The Wyss Institute, at Harvard, has developed a tablet application that, among other things, could help diagnose concussions on the sidelines of a football match. Wyss reports on the findings on its site (and in the Journal of Gerontology); CNET and others have taken also taken note.
The goal of the app is to bring hard data to a realm that’s traditionally been fairly subjective: diagnosing neuromuscular deficits. Wouldn’t it be nice, Wyss Institute researchers reckoned, if we could be a little bit more precise in assessing these deficits?
To that end, the researchers created an application implemented on a Panasonic tablet with a stylus. At root, it’s a simple tracing exercise. A patient is asked to use a stylus to follow a moving target around a circle. Proprietary algorithms measure to what extent a patient deviates from the proper path. Administer this test to a quarterback who just got sacked, in theory, and instead of vague subjective answers, now you can actually have a numerical score that’s something of a window into his brain state.
The tech could be useful not only on the NFL sidelines, but also in doctor’s offices everywhere.
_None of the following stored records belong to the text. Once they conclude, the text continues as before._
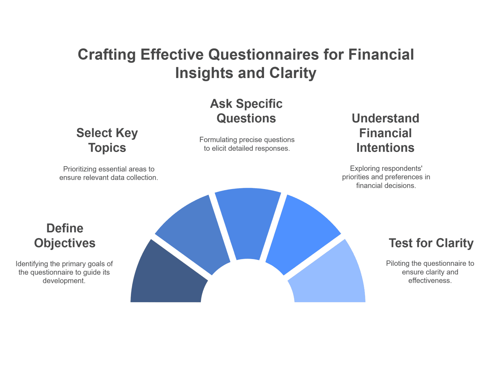 Why It's Effective: Unlike transactional or behavioral data, questionnaires can capture qualitative insights that reveal a customer’s true financial intentions and preferences. For instance, understanding financial goals and risk tolerance helps in designing tailored products and services. When building questionnaires, it’s essential to balance detail with user experience, ensuring that questions are clear and easy to answer.
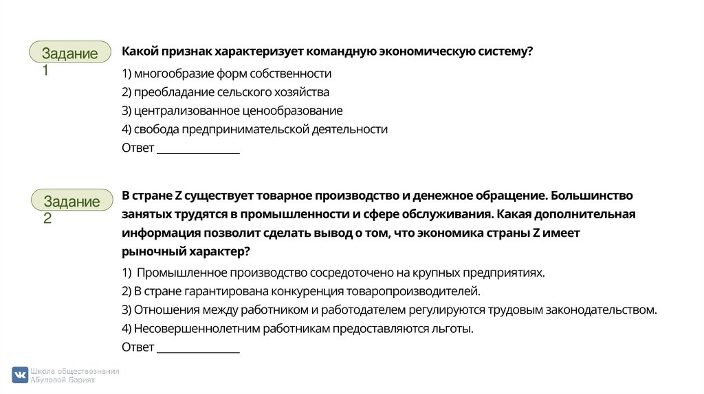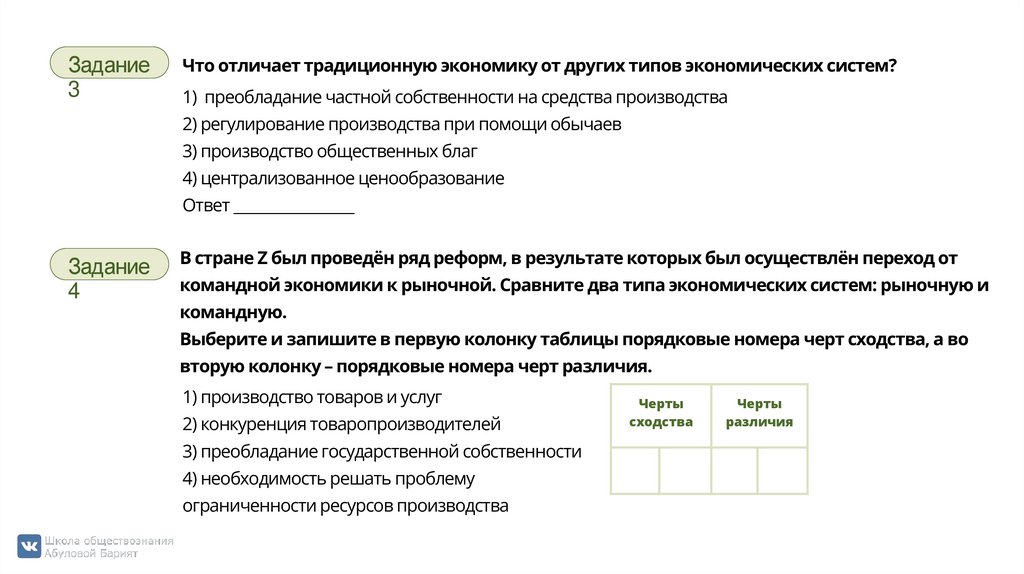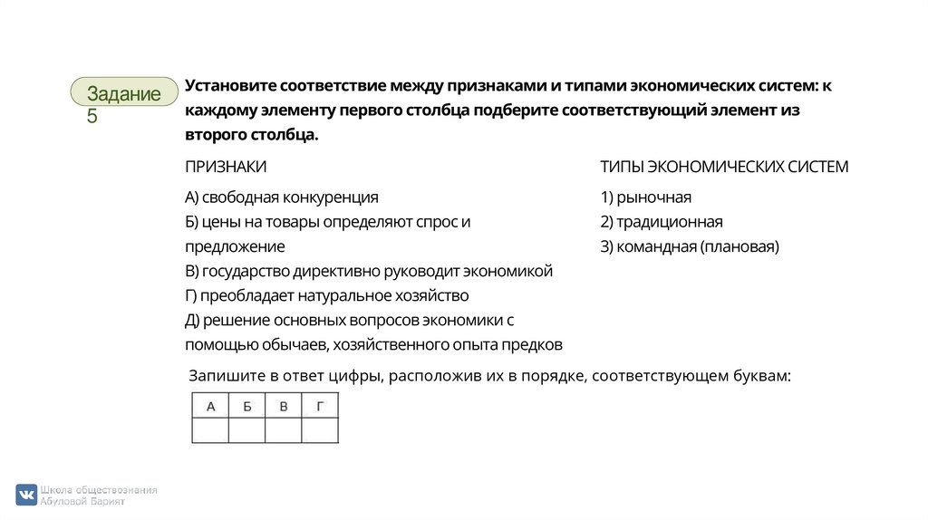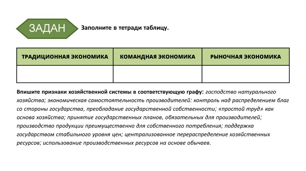 Впишите признаки хозяйственной системы в соответствующую графу: господство натурального
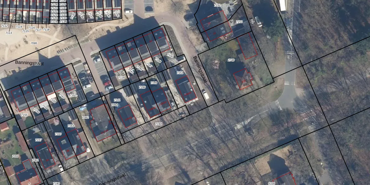Gebruik de zoekbalk of klik op een perceel voor informatie over de adressen binnen dit perceel.
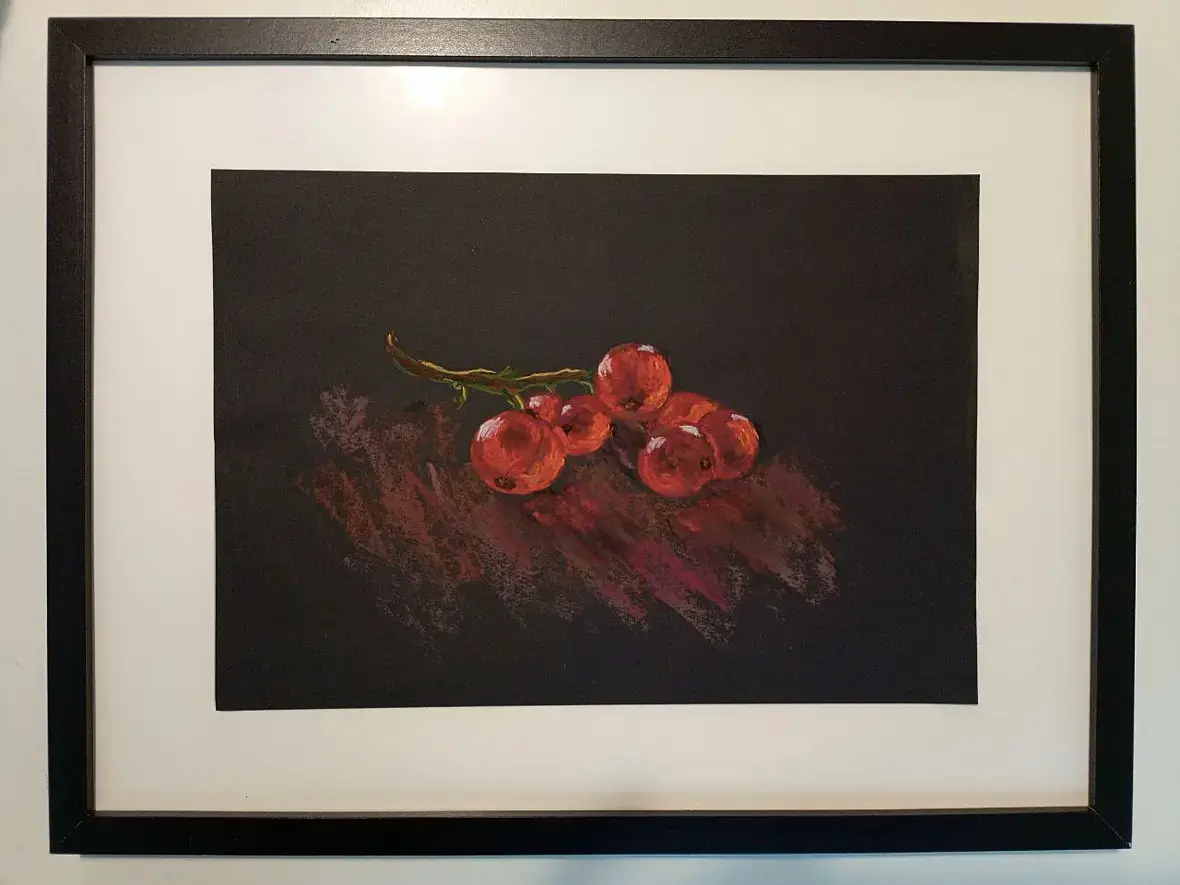 Вчера/позавчера нарисовала диптих. Мне он кажется вполне удачным, поэтому хочу попробовать продать. Если кто-то заинтересован в покупке, пишите в личку. По умолчанию предполагается оформление в такие или похожие черные рамы с белым(молочным) паспарту. Пока в наличии одна рама, поэтому не вставляла, а просто приложила сверху для фото). Нарисовано сухой пастелью на черной бумаге 80 г/м2
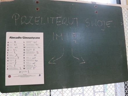 Niektóre stacje wymagały wykorzystania umiejętności matematycznych (sumowanie/mnożenie liczby oczek wyrzuconych na kostkach, odczytywanie długości skoku) oraz językowych (alfabet gimnastyczny).
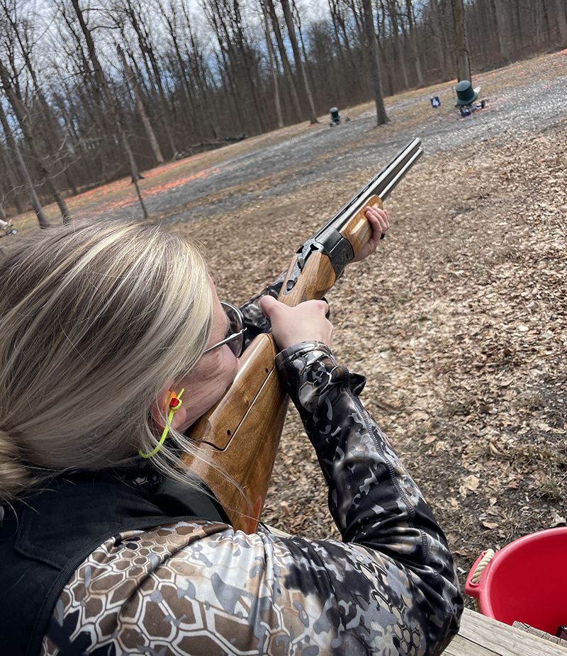 To begin, my friend Rick, who coaches shotgun shooting, came over to check how the Ladies Country shotgun fit Elizabeth. He also gave her a quick lesson on stance and how to mount the shotgun. After seeing where her cheek rested on the comb and how her pupil lined up with the rib, Rick decided no changes were needed. He said he might adjust it later when she feels more comfortable, but for now, it looked great.
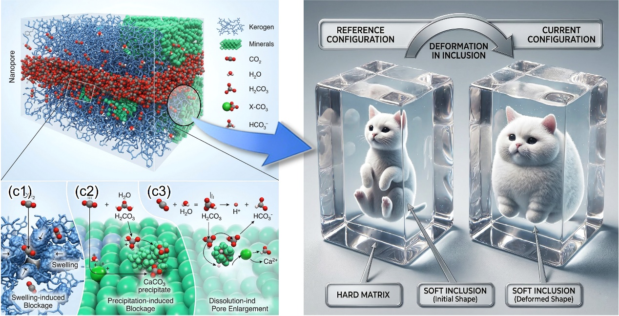 图1. 软夹杂-硬基质体系的形象化示意图:类比页岩中干酪根等软组分在硬矿物基质中的力学响应与形态演化(“猫”类比为硬基质中的软夹杂)
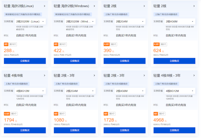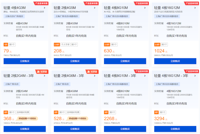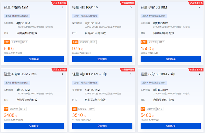 这里的套餐适合企业用户首单特惠的,当然企业账户之前没有买过轻量服务器的。
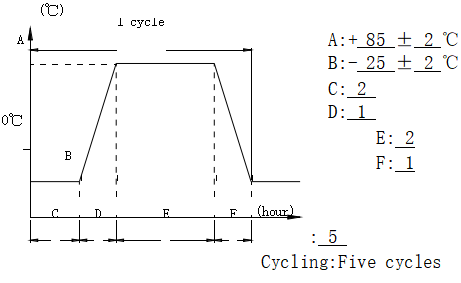 (1) Temperature: -20 ± 2 ℃ (2) Time: 96 hours Water drops shall be removed. |
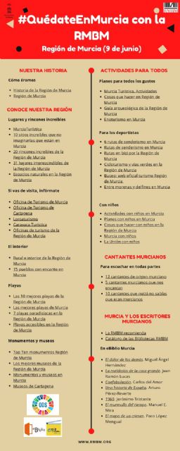 De esta manera, se ofrecen recomendaciones literarias, enlaces web para conocer la Región, un recorrido por la historia y rincones singulares, planes para hacer en familia y para deportistas, así como una selección de lecturas sobre cantantes y escritores murcianos, entre otros recursos.
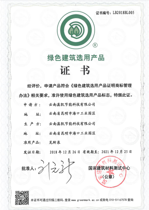 作為業內最權威的綠色建筑產品認證,本次滇凱產品通過認證,不僅彰顯出滇凱公司優良的產品品質,更是國家建筑材料測試中心對滇凱公司產品質量的認可,對滇凱公司堅持綠色發展的肯定。
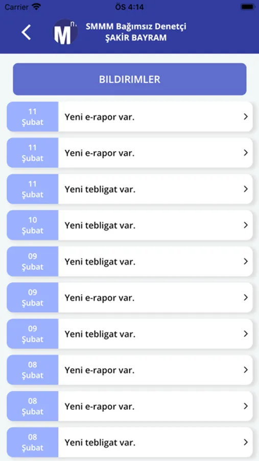 Müşterilerinize gelen E-tebligatları sizin takip etmeniz yerine Hattat Müşavir takip ediyor. Nasıl mı? Müşterilerinize gelen e- tebligatlar otomatik olarak sürekli sorgulama yapılıp masaüstü ekranınıza ve mobil uygulama aracığı ile telefonunuza uyarı bildirimi vermektedir. Böylece müşterilerinize gelen E-tebligattan anlık haberiniz oluyor.
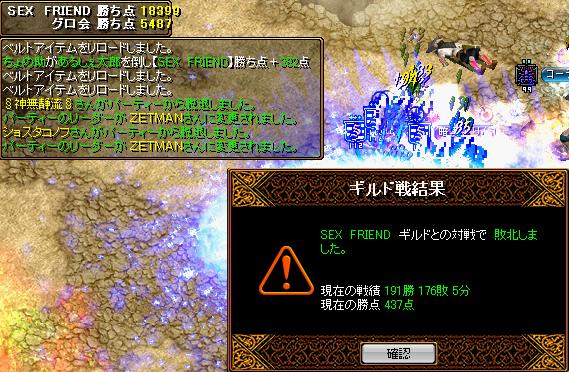 前回に引き続き死ぬほど強かった!!そもそも今日金曜日なんですよ!明日試験なのに全然勉強できてなくて焦りが高まる余り気付いたら6時でやばいギル戦入れなきゃってなってなんかいれてしまいました!ここんとここんなんばっかです。その割りにみんな集まってくれたし、勝たせてあげられなかったのは残念だったけどSEX FRIENDさんに迷惑をかけることにならなくて良かったです!さてさて中身のほうですが、多分BISさんとWIZさんは一人ずつだったと思うのですが、ドラツイがほぼ完封されました。その理由としては、BIS不足によるしょっさんの2PT目への移動と僕の指示ミス、それとくまのみさんを始めとするシフさんやドラツイさんのやばい火力が挙げられると思います!しょっさんを始めから1PT目に入れてずっとBISさんをつけていたら、失点は同じでも得点は変わったんじゃないかなーと・・・霊術師がいたらそりゃー一番いいんですが、やっぱ力対力もしくは頭!そこにあこがれますよね。もうお気づきと思いますが今日も先生居なかったので、居たら勝てたなんてあほなこと言うつもりはないですがフルパワーで戦えなかったのが残念です・・・先生もくまのみさんと戦えると知ったらすごい喜んだろうになぁ・・・というわけで今日も惨敗でしたが、これも10時代の洗礼として(9時台でやっていくっていう話は気付いたらどこかにいってしまいました)心のどこかに悔しさを永久保存しておきたいと思います!次は完璧な作戦を立てて、綺麗な連携で高速パスギル戦をします!あとSSはいつもの通り結果しかありません!SEX FRIENDさんありがとうございました!
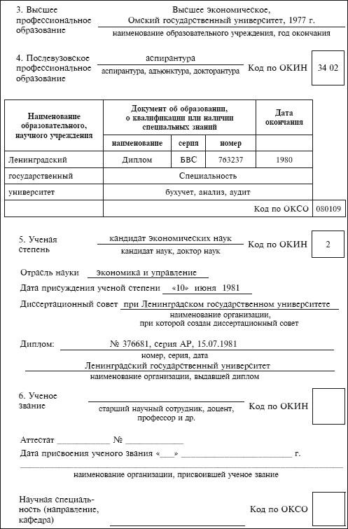 Сведения о высшем профессиональном образовании и послевузовском профессиональном образовании приводят, соответственно, в п. 3 «Высшее профессиональное образование» и п. 4 «Послевузовское профессиональное образование». Запись о высшем профессиональном образовании вносят на основании диплома, при этом указывают наименование образовательного учреждения и дату его окончания. В п. 4 записывают вид полученного образования: аспирантура, адъюнктура или докторантура. В таблице указывают наименование образовательного учреждения, дату его окончания, номер, серию и дату выдачи документа об образовании, полученную специальность.
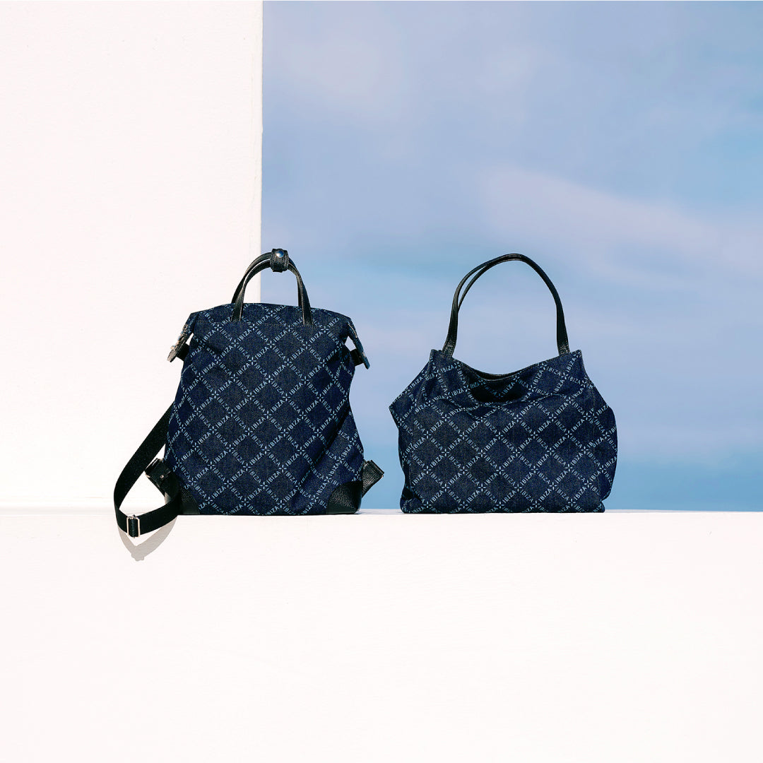 ラフで軽やかなデニムの風合いが心地よい「バケーロ」。世界的にも高く評価される岡山県産の高品質なデニムに、イビサロゴのチェック柄とオリーブの花のモノグラムをレーザー加工であしらった、オリジナルテキスタイルを使用しています。薬品や水をほとんど使わずに模様を描く「レーザー加工」は、従来のデニム加工に比べて環境にやさしいエコな技術としても注目されており、その繊細で奥行きのある表情が、このシリーズならではの魅力を引き立てます。
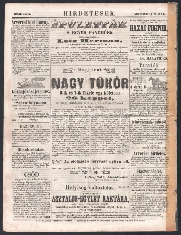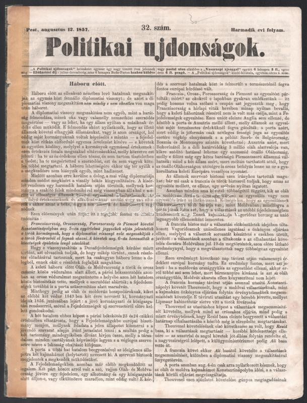 1857 Politikai ujdonságok III. évf. 32. sz., 1857. aug. 12., szerk.: P... https://www.darabanth.com/de/429-Fernauktion/429.0/Kunst-Dokumente-andere-Sammelgebiete/Drucksachen~1000002/1857-Politikai-ujdonsagok-III-evf-32-sz-1857-aug-12-szerk-Pakh-Albert-Pest-Landerer-~II2719806

Said one of the researchers, Leia Stirling, who led the study: “One day it might sit next to the thermometer and pressure cuff in the doctor’s office….Just as your blood pressure is recorded during every visit, so could your neuromuscular score be tracked over time to determine progress through recovery and rehabilitation.”
Stirling’s team is in early stages yet; for now, they’ve only collected baseline data on how healthy people trace these circles. The next step is to get a pool of data on how people with neuromuscular pathologies do so. “The team is currently conducting a study with athletes in the Boston area to determine the sensitivity of the technology in diagnosing concussions,” says Wyss.
Concussion-fighting tech is a longstanding subject in the pages of Technology Review (not to mention in the annals of college and pro football in general, a brutal sport at a moral crossroads). In 2007, Emily Singer reported on a test to spot concussions in athletes; some years after that, she deepened her reporting with this look at a device that could detect concussions on the football field. Brittany Sauser in 2011 wrote about the need to refine research into which helmets offered the best concussion protection; that same year, I took a look at how “smart mouthguards” could help contribute to the solution of what is ultimately, in some respects, a data problem.